The week after he finished the new verandah, Stephanie accepted Rob’s invitation to spend the weekend at his abode.  On the Friday evening, neither had occasion to go outside—they kept each other well occupied in the house. Mid-way through Saturday morning, Rob stepped outside to void his bladder but first called out, ‘I’m coming outside, but don’t worry. It’s just me. I’m not after you.’ A family of big greys about halfway to the neighbours’ fence sat up and watched him until he went back inside.

When he returned to the bedroom, Stephanie asked, ‘Why do you do that?’
‘Go outside to pee?  ’Cause I think peeing in a perfectly good bowl of water is madness.  It—’
‘No, no.  I get that.  I remember overhearing you say something about that to one of your music colleagues in Yungaburra a couple of months ago, and I thought, ‘Yeah, that’s spot on.  That has to be one of the craziest things our culture does.’ But I meant, call out to the ’roos.  Why were you talking to them?’
‘As long as I’m talking to them, they know I’m not trying to sneak up on them. So, they don’t have to run away.’
‘Hop away.’
‘Well, yes: flee.’
‘Yes.  But what difference does it make if they flee?’
‘I just don’t like to disturb them if I don’t have to.  I mean, they were here before I was, for goodness’ sake.’
‘Except the joeys.’
‘Yeah, at least the one in the pouch. I think the other one was here with them, maybe in the pouch when I first got here. But not only as individuals—as a species, they were here before we were. What right do I have to disrupt their lives? I just avoid disturbing them when I can. Sometimes I can’t help it, but it’s easy enough to let them know I’m coming outside, so they don’t have to be afraid.’

 Stephanie surprised Rob, who was used to hearing, ‘That’s silly,’ or ‘That’s stupid,’ or worse, by saying, ‘Aww, that’s really sweet.’ She paused only a moment and added, ‘You’re really sweet.’
‘True, I am,’ Rob replied with a grin.
His guest giggled and said, ‘You aren’t supposed to tell people. You’re supposed to let them figure it out for themselves.’
‘You just did. You said so.’
Stephanie laughed out loud and said, ‘Yes, I did,’ and added, ‘and they didn’t run away.’
‘Were you watching?’
‘Unh huh.’
‘Them or me?’
She grinned and said, ‘Both,’ then put her arms around Rob’s neck and pulled him to her.  That interrupted their conversation and led to other activities which kept them occupied into the early afternoon.

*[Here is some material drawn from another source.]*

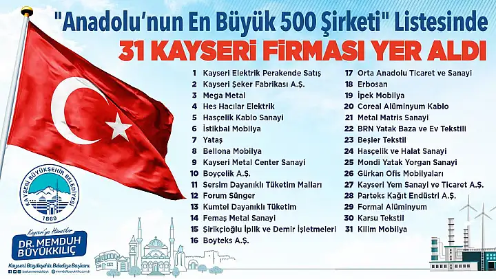 Kayseri Büyükşehir Belediye Başkanı Dr. Memduh Büyükkılıç, 'Anadolu'nun En Büyük 500 Şirketi Listesi'nde yer alan 31 Kayseri firmasını tebrik etti. Büyükkılıç, 'Ülkemizin üretime önemli bir katkı sunan, şehrimizin gururu firmalarımızı kutluyor, üretim ve istihdam yolunda başarılarının devamını diliyorum' dedi.
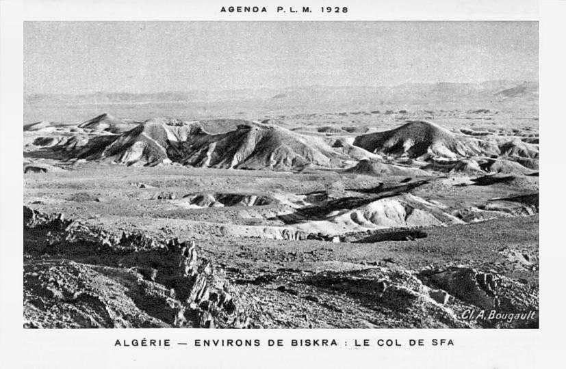 Le col de Sfa dans les environs de Biskra Une rue à Biskra Une rue à Biskra Bou Saâda le soir Bou Saâda : le tombeau de Dinet El Kantara La mosquée d'el Oued Figuig Ougaghir : la mosquée Ghardaïa Ghardaïa Laghouat : le marché arabe Marché dans le sud Ouargla Toggourt Le vieux Biskra Le vieux Biskra

                                                                       #

All that occurred more than four years ago. Stephanie moved in with Rob about three months later, and they wed about six months after that.  Like her husband, Stephanie now routinely warns the macropods and the curlews before stepping outside. The wallaroos and wallabies rarely flee when warned, and even the bettongs and pademelons move only one or two short hops.  The big greys, except for the mothers with joeys in their pouches, will tolerate either Rob or Stephanie within five or six feet as long as they’re talking and not looking directly at the kangaroos.  While neither the human nor the non-human animals have any guarantee of living happily ever after, both macropods and humans seem content, healthy, and safe for the time being.